■ SUPPLIED MATERIAL
· · · · ·

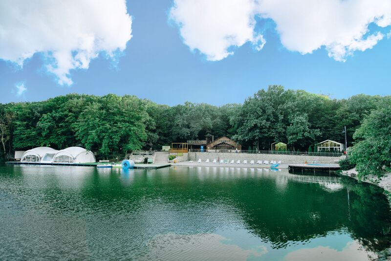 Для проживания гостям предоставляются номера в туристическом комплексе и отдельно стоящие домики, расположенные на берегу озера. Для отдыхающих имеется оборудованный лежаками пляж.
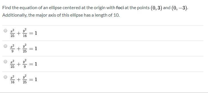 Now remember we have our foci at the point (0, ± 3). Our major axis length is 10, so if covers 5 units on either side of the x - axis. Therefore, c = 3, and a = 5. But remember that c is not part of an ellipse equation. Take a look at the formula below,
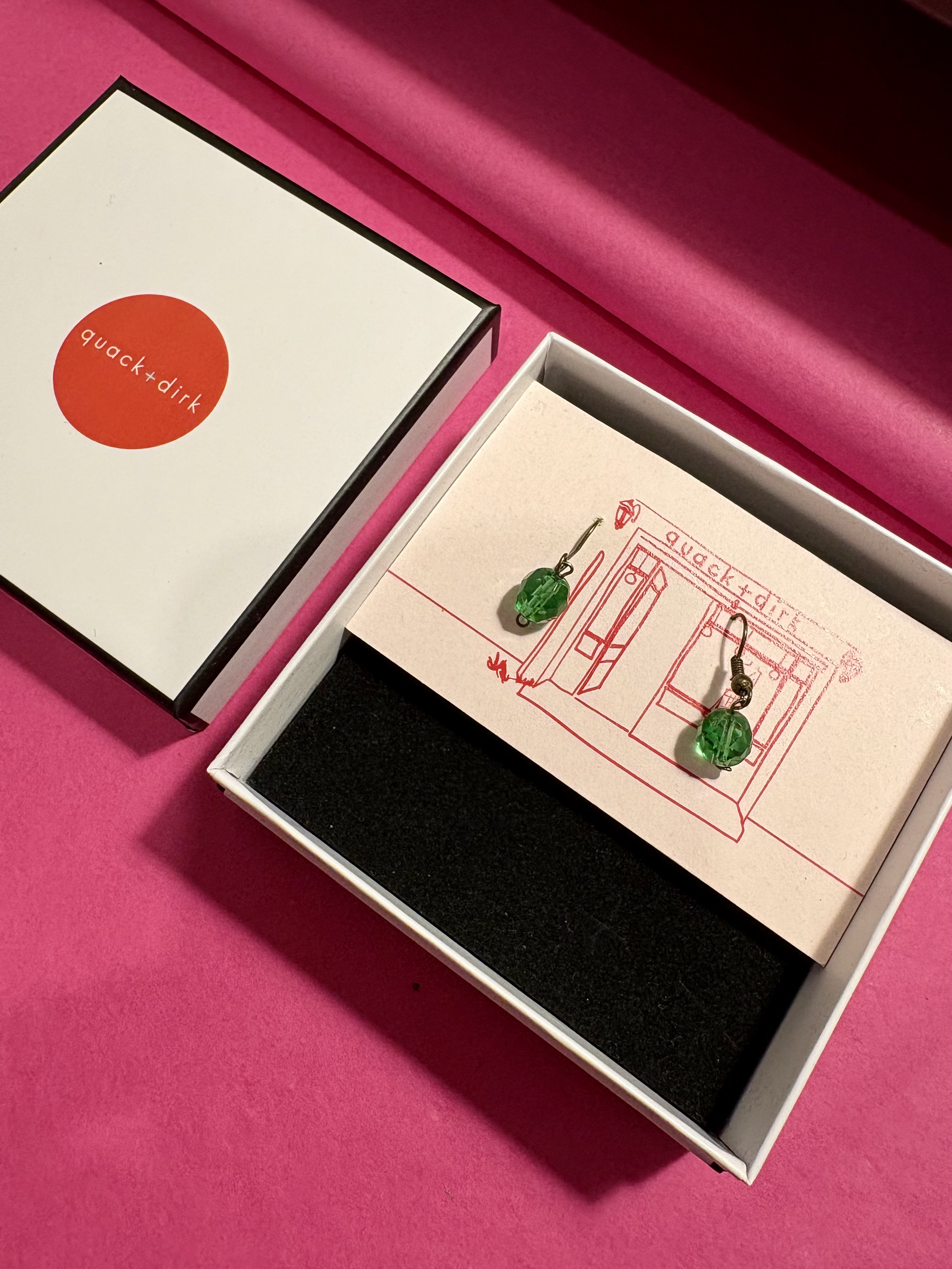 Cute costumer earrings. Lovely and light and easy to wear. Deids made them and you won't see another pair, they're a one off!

· · · · ·

■ YOUR OBJECTIVE
The task requires restating verbatim the lines from the one that holds "Now remember we" through the end of the listing, both ends counted, and no pictures.

■ THE COMPLETED TASK
 Now remember we have our foci at the point (0, ± 3). Our major axis length is 10, so if covers 5 units on either side of the x - axis. Therefore, c = 3, and a = 5. But remember that c is not part of an ellipse equation. Take a look at the formula below,
 Cute costumer earrings. Lovely and light and easy to wear. Deids made them and you won't see another pair, they're a one off!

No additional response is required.